Scraping the Internet

Warning: this technique has been partially deprecated. The tutorial hasn’t been updated yet. If you need help in this area, please contact me.

 

Getting information from the internet into a chatbot’s output can be very useful at some times. Not only to show continuously changing values, like weather information, but it can potentially also be used for learning, although the latter is obviously a little trickier.

Retrieving, or scraping info from the internet can be done remarkably easy with the chatbot designer. Here’s a screencast of a bot that retrieves weather information from the google weather api.

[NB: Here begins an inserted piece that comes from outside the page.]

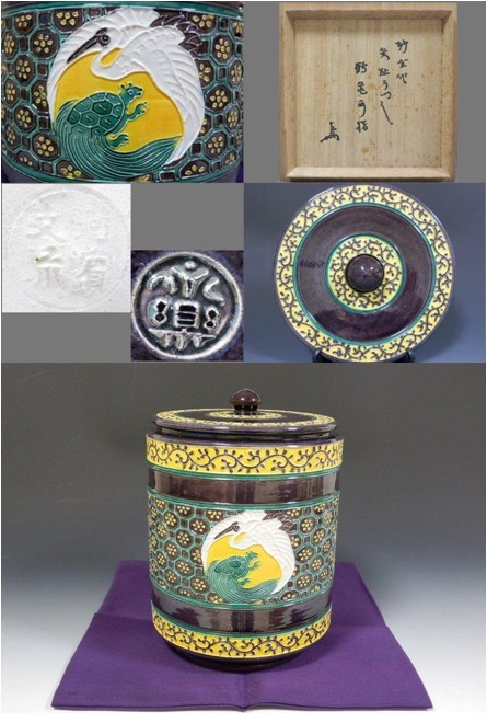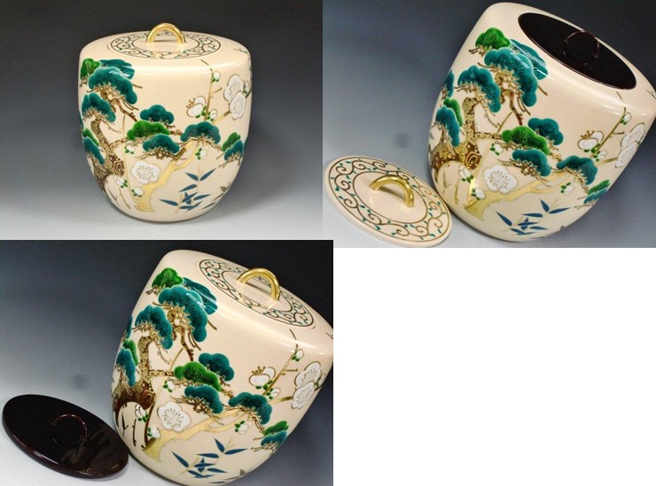 | 手塚石雲(花蝶窯)仁清写松竹梅の絵水指 (作者共箱) ▽ 詳細は下の画像をクリックしてください ▽
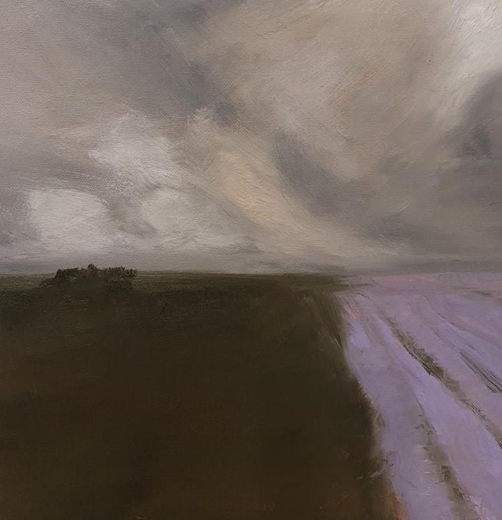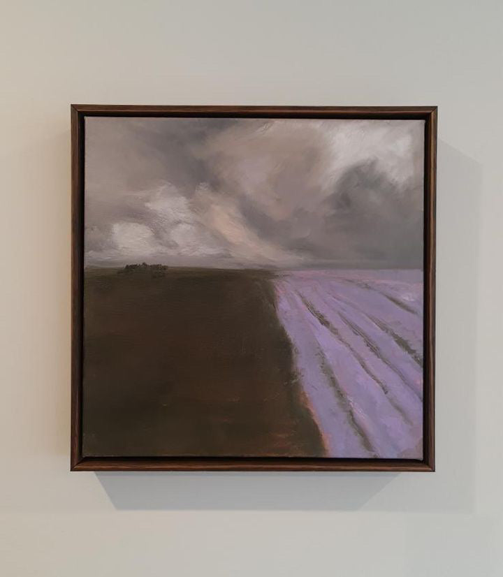 43 x 43cm, Oil on thick edge cotton canvas. Framed in stained oak.

In the video, a .net plug-in is used to retrieve information from the internet by means of XPaths. This plugin is included by default in the application. Note though that plug-ins are only supported in the pro version.  Basic users will be able to use these projects, but they can’t create or edit any patterns that rely on plug-ins. Also, plug-ins are loaded on a project by project basis. So if you want to use the scraping features in your own project, you will first need to make certain that the correct .net functions have been loaded. Once this has been set up though, all plug-ins will Captureautomatically be loaded when the project is opened.

Loading

To load a plug-in, go to view/communication channels/OS. This will bring up a view like the one on the right. From here, you can load and unload dlls, classes and functions. First up is the dll. This can be loaded with one of the buttons on the toolbar. The first one gives access to the cache (dlls that have already been loaded). With the next button, you can select a file from disk. Note that, even though the ‘CmdShell.dll’ file (which contains the scraping functions) is part of the installation, it isn’t guaranteed that it’s already loaded in cache, so you might have to select it from the ‘program files/Chatbot designer pro/’ path. By the way, you can remove a dll by selecting it and pressing delete. Functions can be selected/deselected with the checkbox in front of the name. You can alternatively (de)select the entire class or lib at once. Notice the blue label behind each function name: this is the name that you can use in the patterns. You see, the do-patterns evaluator has no knowledge whatsoever of namespaces, classes or functions, it just knows a single name. This means that all function names should be unique across a single project. If you try to enter a duplicate name, a red box will be displayed round the newly mapped name.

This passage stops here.